Task brief:
Repeat the lines from the one containing "方德风书记首先传达了校党委书" through the last line of the data, exactly, pictures omitted.

-=-=-=-=-

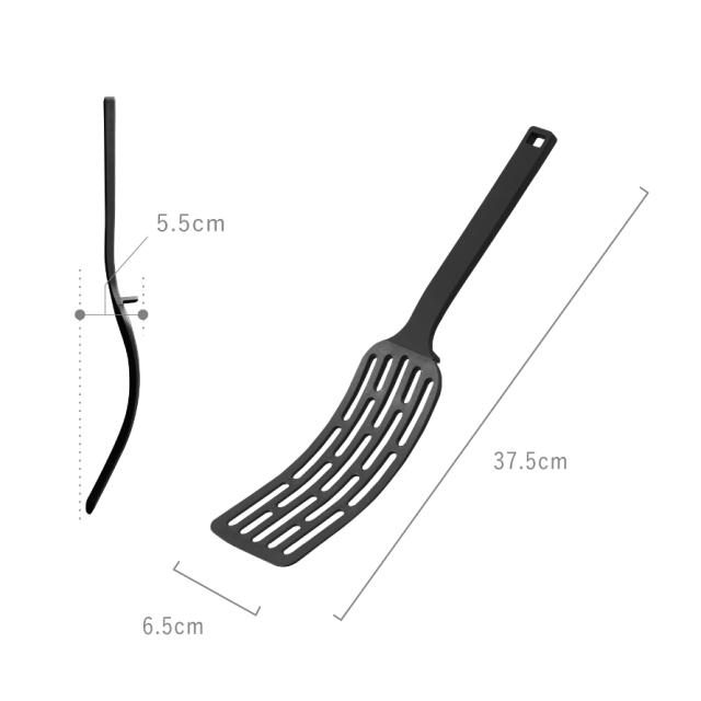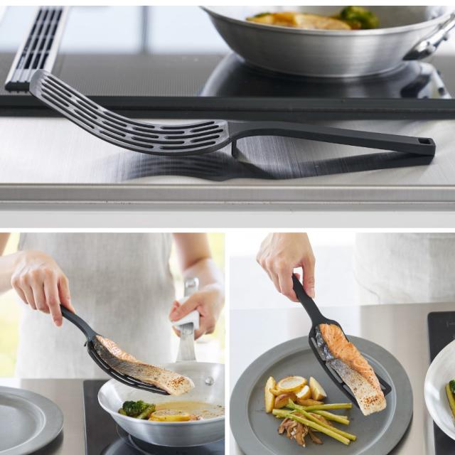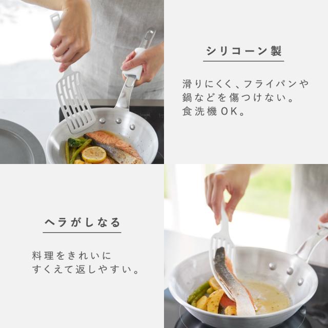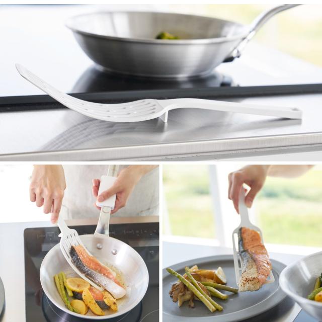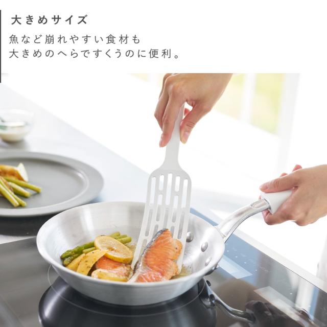 しなやかに曲がりフライパン・鍋などをキズつけず、長い物を乗せやすいロングターナー。フライパンと食材の間に入りやすく、長い物も形を保ったままひっくり返せます。
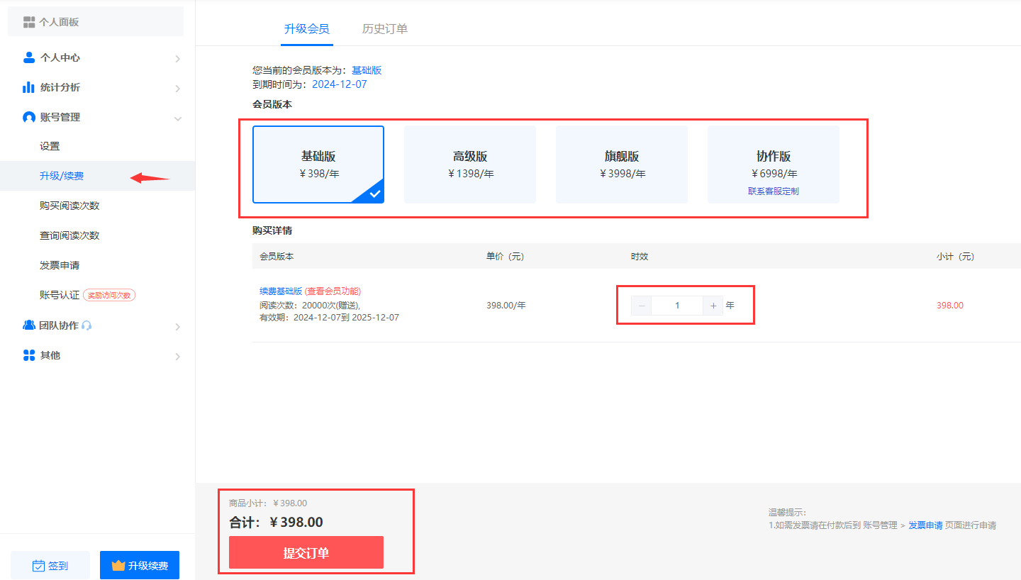 登錄需要續(xù)費(fèi)的賬號(hào),然后選擇購買的版本,提交訂單以后選擇支付方式付款。如圖:
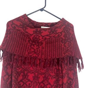 Knox Rose Women's Size Small Red Damask Boho Peasant Long Sleeve Sweater
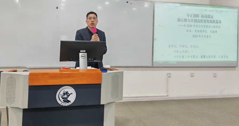 方德风书记首先传达了校党委书记何秀超对做好2024年重点工作提出的“学”“思”“抓”“担”“实”五个方面要求。何秀超书记强调,在学校即将迎来75周年校庆之际,要牢牢抓住历史机遇,把握历史方位,继续爬坡过坎、攻坚克难,推动学校事业发展再上新台阶。接下来传达了校长马海涛对2024年重点工作的部署,马海涛校长指出要围绕教育强国建设规划纲要以及学校第七次党代会和“十四五”规划和“双一流”建设目标任务,按照“一一二三四”的总体工作部署开展学校2024年的各项工作。然后方德风书记还传达了校党委副书记、纪委书记张庆东对2024年纪检监察工作的布置和校党委副书记梁勇提出的落实学校党委工作部署的要求。
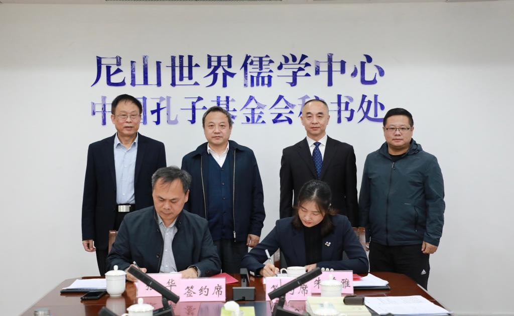 会上,曲阜师大社会科学处处长朱莉雅代表学校与尼山世界儒学中心(中国孔子基金会秘书处),就编纂项目签署了协议。
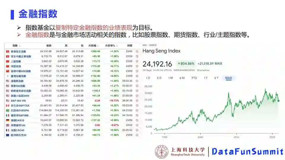 金融指数是与金融市场活动相关的指数,比如股票指数、期货指数、行业/主题指数等。如上图左侧是世界上一些主要指数的列表,图右侧是指数的整体表现,长期来说是呈上升趋势的,即呈现一个正的收益率。
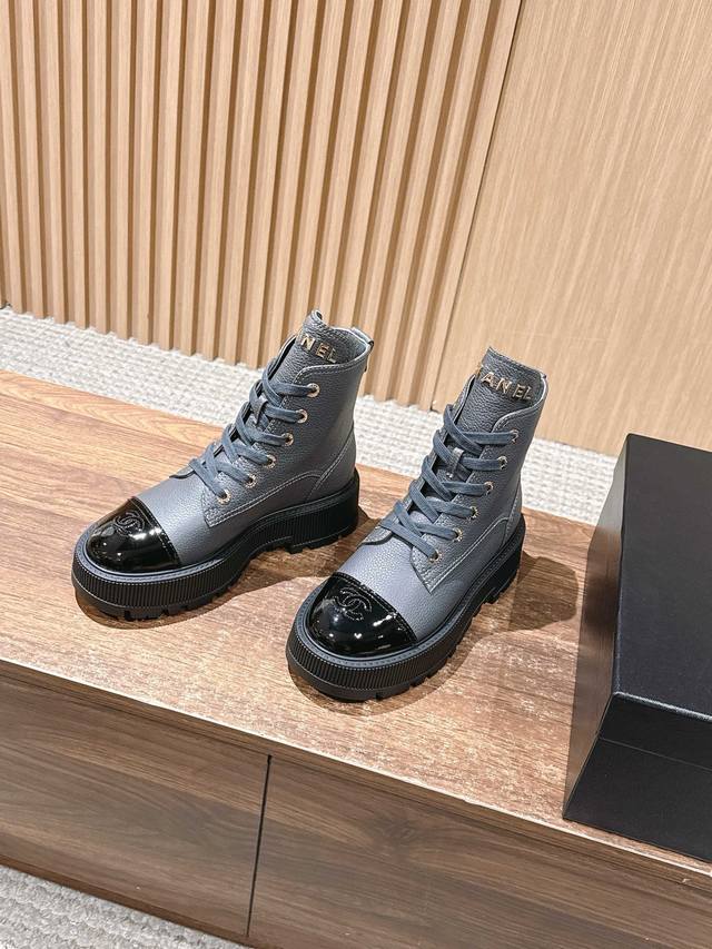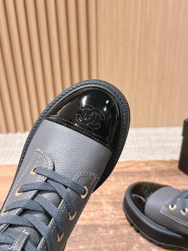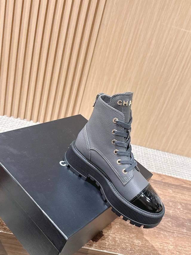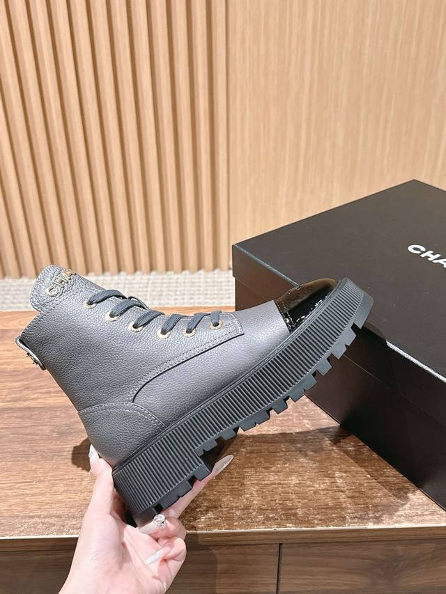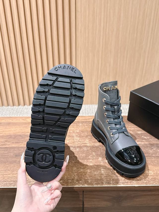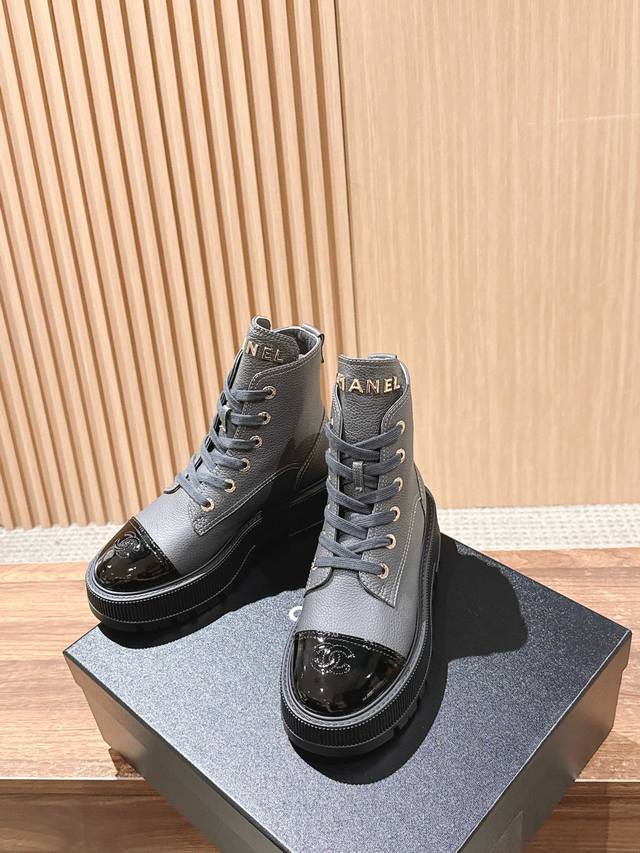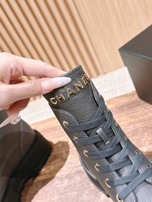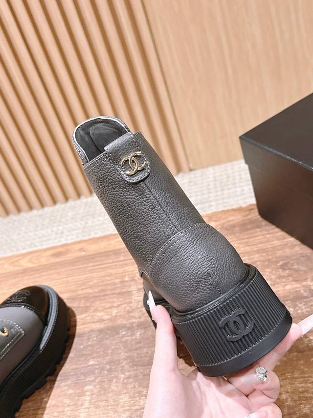 皮面 香奈儿厚底短靴 超显腿长,超级推荐 鞋舌Chanel金属字母,鞋头双C刺绣 鞋面定制原版一致 摔纹牛皮 内里定制进口混种小羊皮 请区别市场上便宜的羊皮喔

-=-=-=-=-

Solution to the problem:
 方德风书记首先传达了校党委书记何秀超对做好2024年重点工作提出的“学”“思”“抓”“担”“实”五个方面要求。何秀超书记强调,在学校即将迎来75周年校庆之际,要牢牢抓住历史机遇,把握历史方位,继续爬坡过坎、攻坚克难,推动学校事业发展再上新台阶。接下来传达了校长马海涛对2024年重点工作的部署,马海涛校长指出要围绕教育强国建设规划纲要以及学校第七次党代会和“十四五”规划和“双一流”建设目标任务,按照“一一二三四”的总体工作部署开展学校2024年的各项工作。然后方德风书记还传达了校党委副书记、纪委书记张庆东对2024年纪检监察工作的布置和校党委副书记梁勇提出的落实学校党委工作部署的要求。
 会上,曲阜师大社会科学处处长朱莉雅代表学校与尼山世界儒学中心(中国孔子基金会秘书处),就编纂项目签署了协议。
 金融指数是与金融市场活动相关的指数,比如股票指数、期货指数、行业/主题指数等。如上图左侧是世界上一些主要指数的列表,图右侧是指数的整体表现,长期来说是呈上升趋势的,即呈现一个正的收益率。
 皮面 香奈儿厚底短靴 超显腿长,超级推荐 鞋舌Chanel金属字母,鞋头双C刺绣 鞋面定制原版一致 摔纹牛皮 内里定制进口混种小羊皮 请区别市场上便宜的羊皮喔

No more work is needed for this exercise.